Andrew Brown looks at the recent report on attendance in the Church of England and wonders “whether things are going to change, or whether the church will pootle along, like an exhausted cyclist, until it finally wobbles over and collapses.”
One thing he notices is that the more you live in your own world, cut off from the culture, the more likely decline will be. A similar mistake is to assume that since we’ve always been there then we will always be there.

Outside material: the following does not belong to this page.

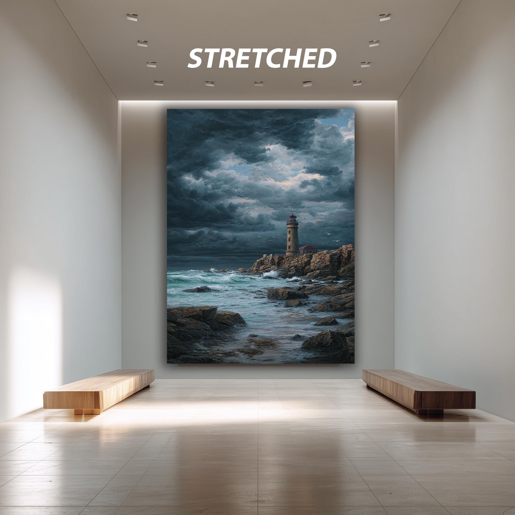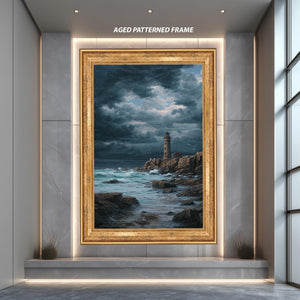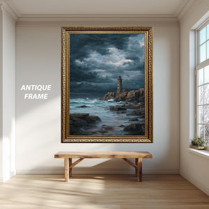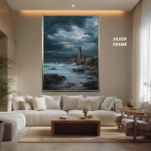 The Stormy Lighthouse Art Print captures the dramatic beauty of a rocky shore under a turbulent sky, making it the perfect coastal wall decor to bring the power of the ocean into your home or office. This nautical art poster features a vivid depiction of an ocean storm canvas that highlights a moody coastal wall art scene, offering a bold and emotional maritime landscape poster that complements mid-century modern decor and minimalist ocean painting styles.

From Andrew Brown’s Blog in the Guardian:
Perhaps the most interesting part of the statistics is the comparison of two dioceses, Southwark and London. In London the trend is reliably upwards from 2010 to 2011 – 3% on average weeklies. In Southwark, over the same period, it is down 5%, as it has been heading for a long time. But to the outside world, they are the same place: “London” is the city north of the Thames, and “Southwark” is the city south of the river. There really aren’t any huge theological differences between them, except that Southwark has many more, and much noisier, conservative evangelicals. But they are a minority there, too, and I don’t doubt there are theological hatreds just as vicious across the river.
What makes the difference is that the diocese of London has cared about congregational size for at least 15 years, and tried to ensure that the clergy are not content to preside over a graceful decline. Southwark has institutionally taken the existence of the Church of England for granted. You’d have thought that the release of statistics like this would have made some impression, year after year. But to believe that God will look after the Church of England demands a greater capacity for faith than believing that he exists, and perhaps that will prove impervious to evidence, right up to the final wobble, and the end.